New ideas are often easier to grasp if they are presented in the more vivid context of a specific example or in analogy to some familiar image. Figures of speech--metaphor ("The river was an ancient witness"), simile ("The river advanced deliberately, like a dignified village elder"), personification ("old man river"), and so on--are all means of bringing writing to life in this fashion, much as the parable animates moral teaching or as role playing stimulates psychological insight. These livelier modes of expression, if used sparingly, have the virtue of focusing the reader's attention and clarifying the writer's position; in skilled hands, figures of speech instill prose with grace and beauty. But, as with any other device, they will distract and obscure if used excessively ("Old man river was an ancient witness who advanced deliberately as if he were a village elder"), imprecisely ("The winding river bore the crooked smile of a toothless hag") or inaccurately ("The icy river foamed with a fiery dullness").
Two warnings seem particularly relevant to unpracticed writers. First, take great care to avoid mixing metaphors, whether intentionally ("The angry river foamed like a glass of beer"), or unintentionally ("The raging torrent of words dried my pool of resolve"). Second, use extended metaphor Ñ the "conceit"--cautiously if at all, since readers' efforts to follow the clever elaboration of your original analogy may eventually cost them the memory of the idea you chose to embellish.

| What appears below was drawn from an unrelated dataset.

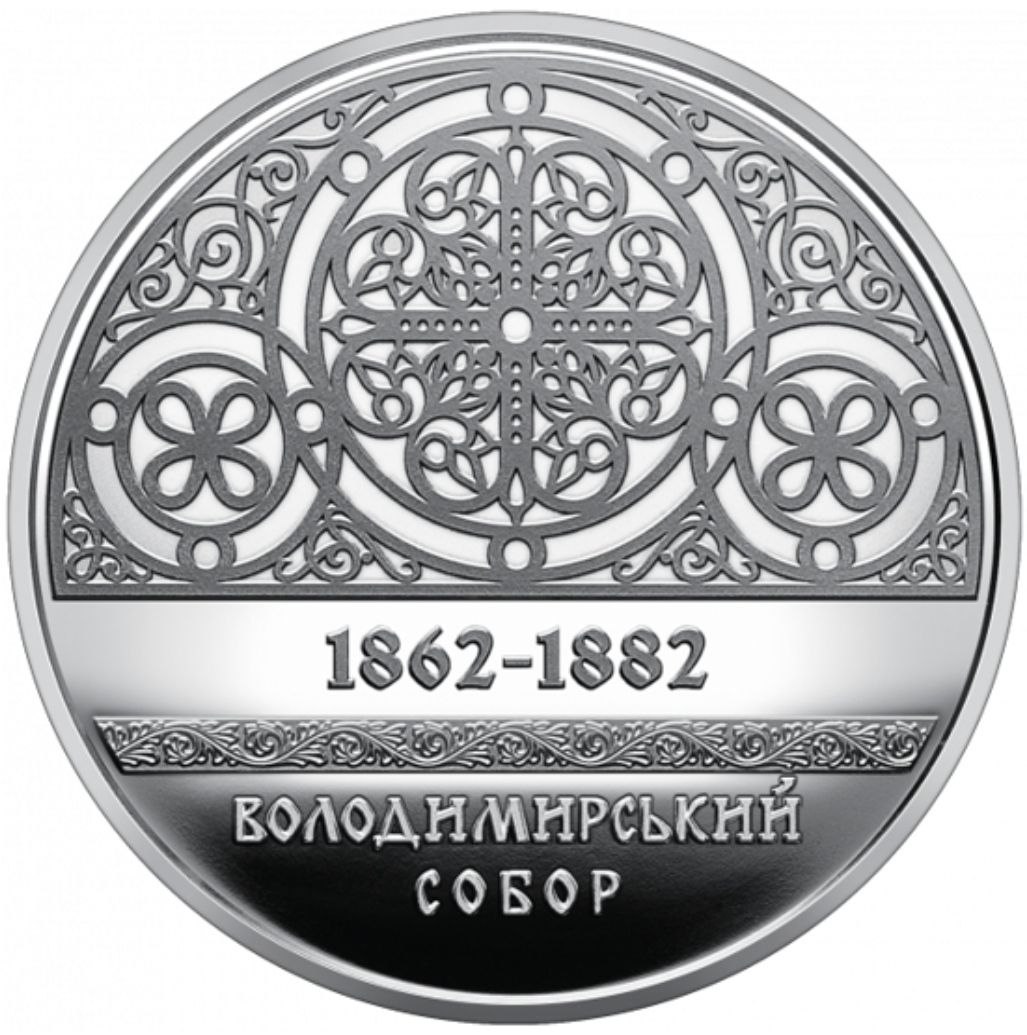 Пам’ятна монета присвячена одній з архітектурних перлин Києва – Володимирському собору. Побудованому у неовізантійському стилі він привертає увагу як своєю історією, так і внутрішнім розписом – справжнім шедевром мистецтва. Більше 10 років продовжувалися роботи над внутрішнім оздобленням храму, унікальні розписи якого і є його основною цінністю.

Writers can make unintentionally comic mistakes when they fail to realize that abstract, neutral-looking Latin words may be "dead metaphors" -- metaphors that can return embarrassingly to life when the reader is more aware of etymology than the writer. For instance, a student writing a paper about the Iliad may wish to say that the poem makes us think about the complexities of death. He unwittingly writes:
In the Iliad death becomes a multi-faceted subject for rumination.Gems have facets (and so, metaphorically, does a complex problem); a cow ruminates (and so do people, metaphorically, when they "chew over" ideas). But the two metaphors do not mix well; gems do not belong in a cow's stomach.